__Activity__
Only one stretch of the data below is wanted: the lines from the one with "Also - noch" through the one with "Outstanding 5 Bedroom", repeated exactly.

__Input for this task__

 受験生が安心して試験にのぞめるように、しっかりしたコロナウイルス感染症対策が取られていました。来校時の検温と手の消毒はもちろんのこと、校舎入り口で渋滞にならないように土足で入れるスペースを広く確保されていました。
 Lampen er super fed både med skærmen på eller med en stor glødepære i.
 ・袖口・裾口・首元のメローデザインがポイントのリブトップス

==

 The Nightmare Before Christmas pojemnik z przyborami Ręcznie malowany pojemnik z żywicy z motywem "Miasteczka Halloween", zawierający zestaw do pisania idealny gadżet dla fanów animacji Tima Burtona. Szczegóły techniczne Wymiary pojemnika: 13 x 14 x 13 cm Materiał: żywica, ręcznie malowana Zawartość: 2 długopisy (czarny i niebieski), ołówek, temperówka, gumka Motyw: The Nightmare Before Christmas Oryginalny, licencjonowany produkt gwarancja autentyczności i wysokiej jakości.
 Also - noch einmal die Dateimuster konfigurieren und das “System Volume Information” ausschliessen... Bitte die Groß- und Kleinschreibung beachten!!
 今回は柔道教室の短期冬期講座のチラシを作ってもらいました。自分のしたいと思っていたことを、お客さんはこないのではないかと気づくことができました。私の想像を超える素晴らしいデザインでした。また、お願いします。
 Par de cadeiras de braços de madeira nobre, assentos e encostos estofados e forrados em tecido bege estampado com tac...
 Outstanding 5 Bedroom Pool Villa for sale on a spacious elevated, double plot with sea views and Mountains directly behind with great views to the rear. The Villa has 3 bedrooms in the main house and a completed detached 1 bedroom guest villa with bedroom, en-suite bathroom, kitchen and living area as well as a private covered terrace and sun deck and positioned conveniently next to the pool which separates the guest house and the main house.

* * *

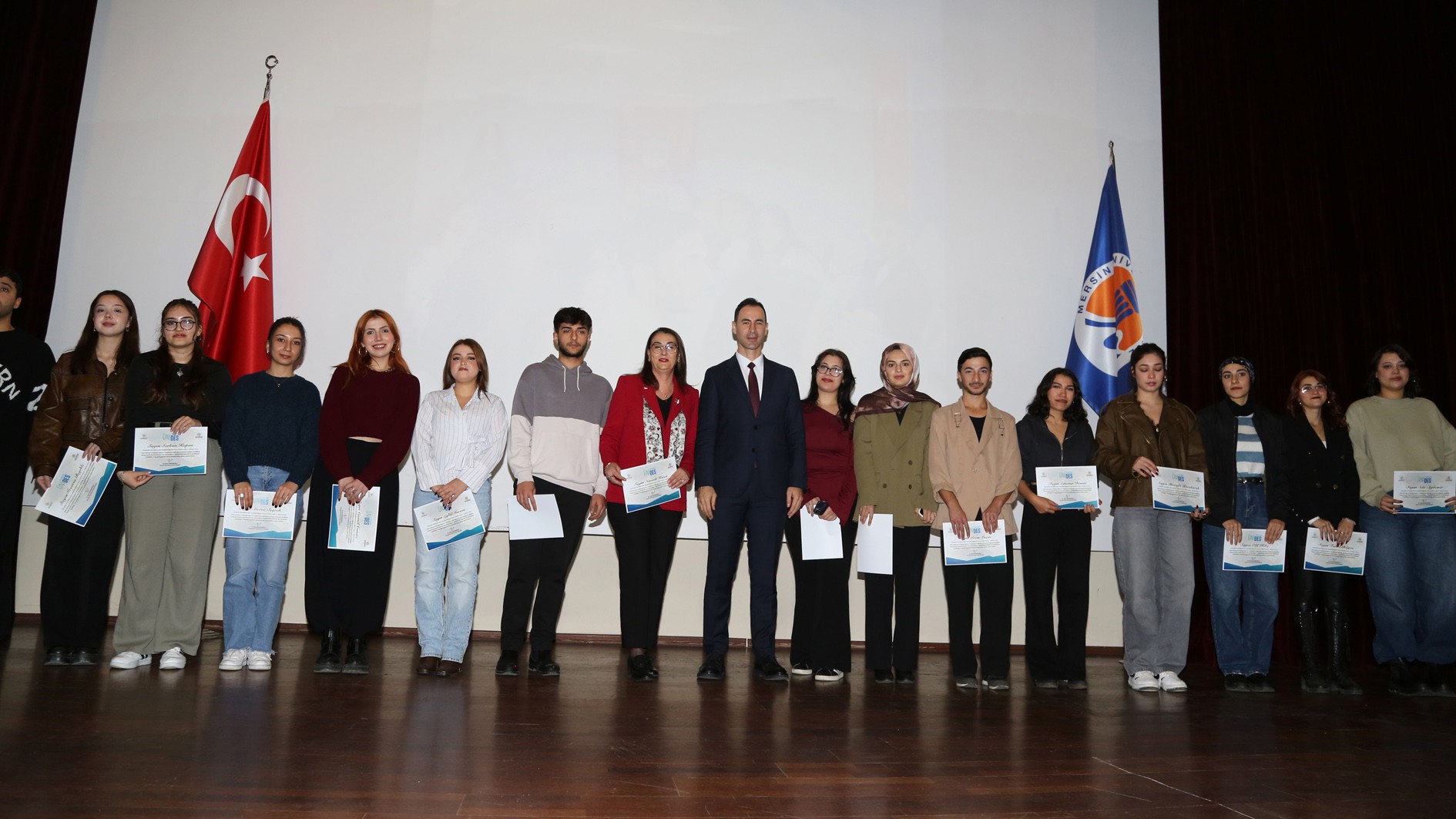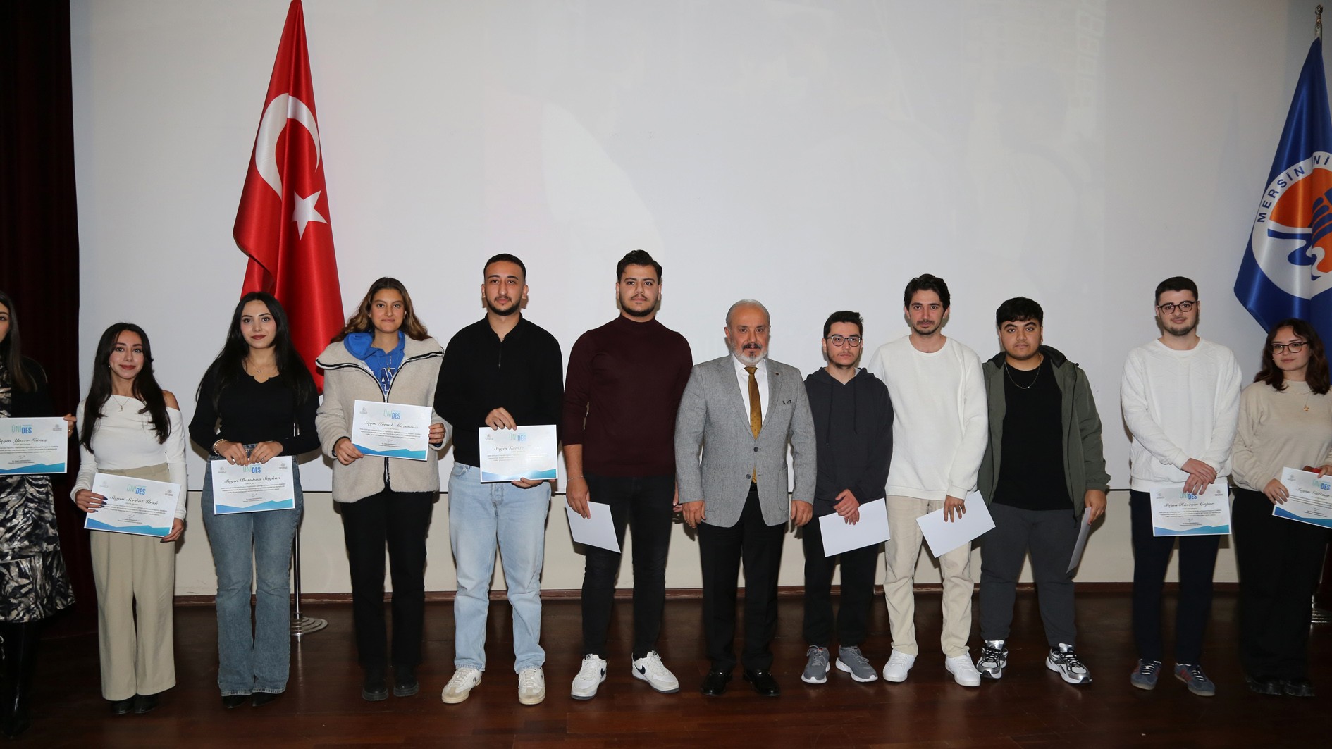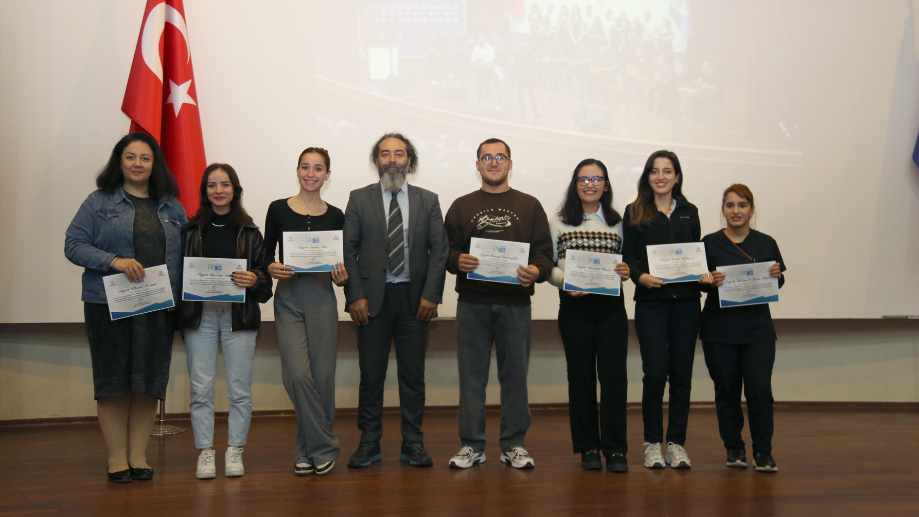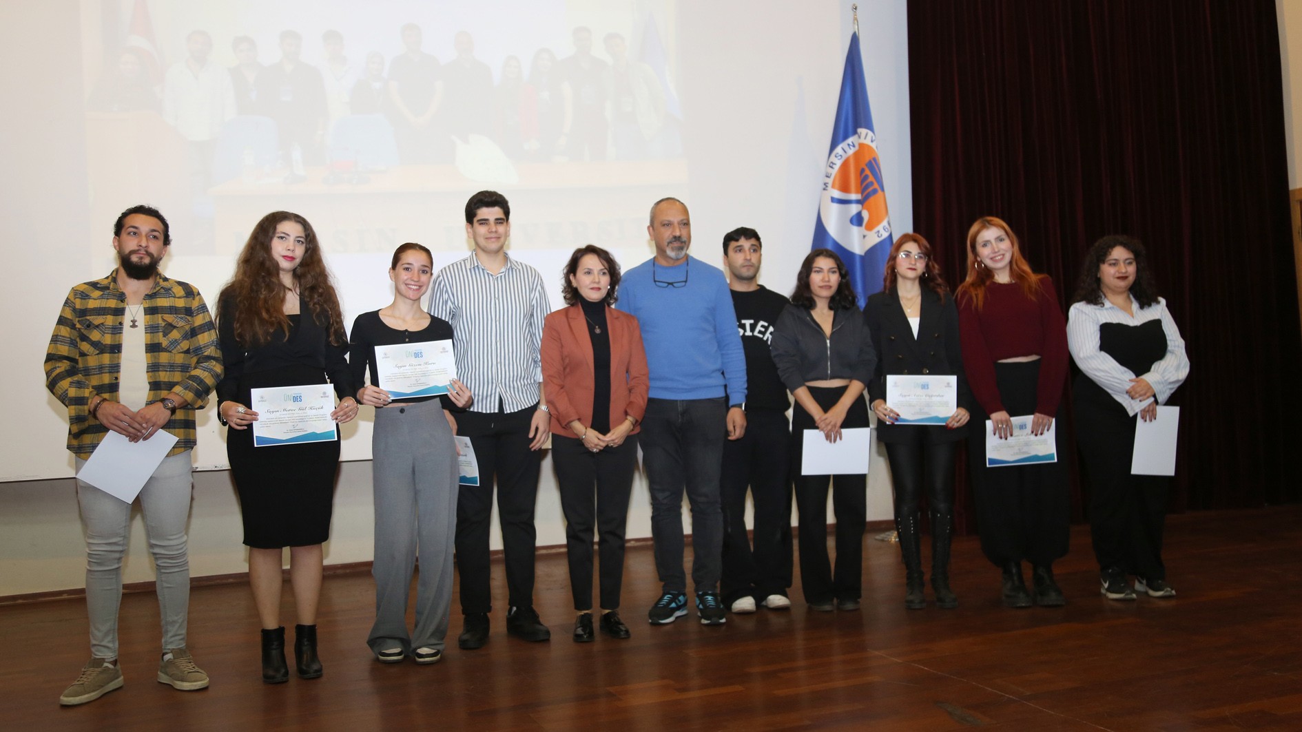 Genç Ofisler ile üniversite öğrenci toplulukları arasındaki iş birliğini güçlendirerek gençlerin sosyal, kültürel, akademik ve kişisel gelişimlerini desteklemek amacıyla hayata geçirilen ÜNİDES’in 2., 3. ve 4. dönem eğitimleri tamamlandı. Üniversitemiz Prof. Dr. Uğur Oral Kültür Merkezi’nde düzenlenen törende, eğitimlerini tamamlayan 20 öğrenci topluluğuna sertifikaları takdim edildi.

__Worked solution__
 Also - noch einmal die Dateimuster konfigurieren und das “System Volume Information” ausschliessen... Bitte die Groß- und Kleinschreibung beachten!!
 今回は柔道教室の短期冬期講座のチラシを作ってもらいました。自分のしたいと思っていたことを、お客さんはこないのではないかと気づくことができました。私の想像を超える素晴らしいデザインでした。また、お願いします。
 Par de cadeiras de braços de madeira nobre, assentos e encostos estofados e forrados em tecido bege estampado com tac...
 Outstanding 5 Bedroom Pool Villa for sale on a spacious elevated, double plot with sea views and Mountains directly behind with great views to the rear. The Villa has 3 bedrooms in the main house and a completed detached 1 bedroom guest villa with bedroom, en-suite bathroom, kitchen and living area as well as a private covered terrace and sun deck and positioned conveniently next to the pool which separates the guest house and the main house.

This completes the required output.